C’est bien beau tout ça mais pourquoi bâtir en terre ? Voici, entre autres, une liste pertinente des principaux avantages environnementaux et économiques trouvée sur le site : www.tve.org

Avantages pour l’environnement : La terre non cuite ne contribue pas à la déforestation puisqu’on n’utilise pas de ressources biologiques pour la cuisson des matériaux Elle ne consomme aucune énergie non renouvelable comme le pétrole et le gaz, que ce soit au traitement et à la fabrication d’origine des matériaux ou dans l’application – contrairement à la fabrication du ciment, de la chaux et d’autres matériaux liants conventionnels. L’exploitation de la strate à même les chantiers permet une économie d’énergie énorme de transport de matériaux. Cela ne contribue pas à la dégradation du paysage, contrairement à l’extraction de minéraux et de minerais qui creuse collines et sites à ciel ouvert. Une grande quantité de terre extraite au cours de grands travaux d’utilité publique, comme les routes,

peut être recyclée et utilisée pour la construction (ce qui permet une distribution décentralisée très facile). Cela contribue à une moindre réduction de ressources en agrégat, tels les graviers et le sable qui sont extraits de carrières ou de cours d’eau dans des sites insulaires ou des lagons, mettant en péril la balance écologique de ces environnements naturels. Cela n’utilise que très peu d’eau, ressource essentielle pour la vie des populations. Cela ne produit aucun déchet industriel ou chimique et a en plus l’avantage d’être presque entièrement recyclable. Non seulement l’utilisation de la terre cuite ne pollue pas, mais elle garantie aussi l’absence d’effets nocifs dans le cadre de la vie quotidienne, tels l’absence d’émissions gazeuses et d’autres produits chimiques toxiques, émissions radioactives, etc.

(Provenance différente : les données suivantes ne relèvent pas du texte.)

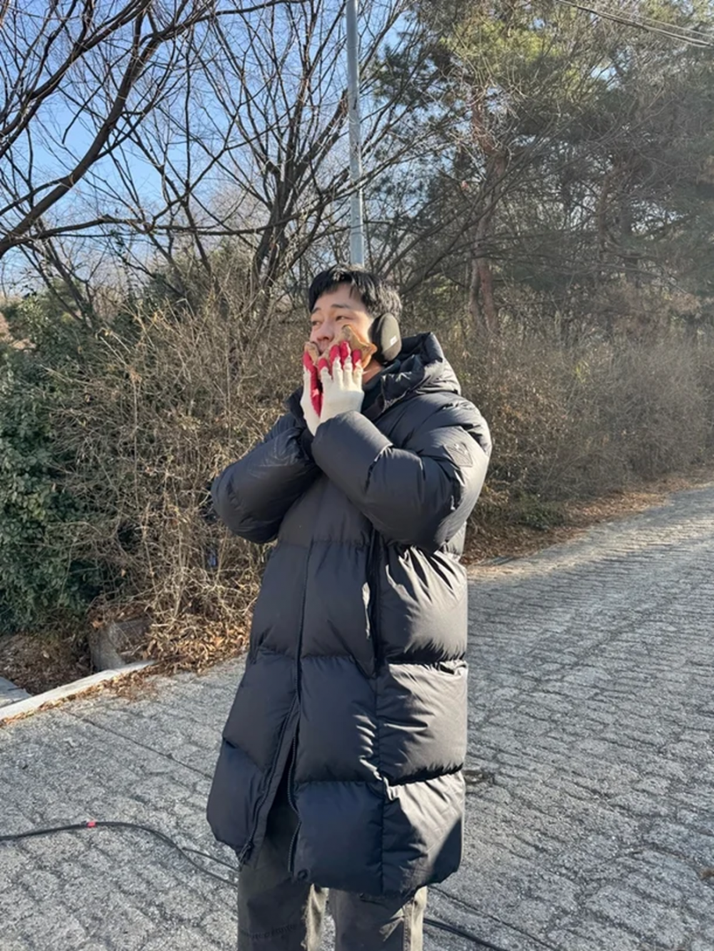 Wearing thick earmuffs and knit gloves, So Ji Sub presses hot packs against his cheeks to keep warm. The photos are believed to have been taken on the set of upcoming drama 'Manager Kim'.

La texture de la surface, la couleur, la forme et la luminosité de la terre non cuite en font un matériau attrayant pour bâtir sans détruire l’environnement naturel.

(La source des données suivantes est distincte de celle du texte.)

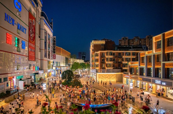 在距此不远的胜利路步行街,同样焕发着蓬勃生机。这条历史底蕴深厚的商业街区,采用“新豫风+现代时尚”风格,以信阳毛尖“一芽两叶”为设计核心,完成交通提升、建筑立面改造、景观打造、夜景亮化、店招优化、智慧服务、市政设施完善、文化特色塑造、业态升级九大工程,形成“五大综合体+商超+沿街商铺”的支撑体系,构建“主力商业+特色业态+融合业态”格局,实现了规划科学、空间开阔、功能完备的华丽转身。

Avantages économiques : La terre non cuite est souvent comparable en prix, et même plus économique, que les technologies concurrentielles. Elle ne nécessite aucun coût majeur de transport grâce à sa légère infrastructure de fabrication. Elle ne nécessite qu’un mode de fabrication simple et des outils qui sont accessibles à un large groupe de maçons et de bâtisseurs individuels. Elle appartient à l’héritage architectural traditionnel de nombreux pays tout en utilisant des matériaux locaux, et permet aux populations de prendre en charge la production de leur environnement et de contrôler leur habitat.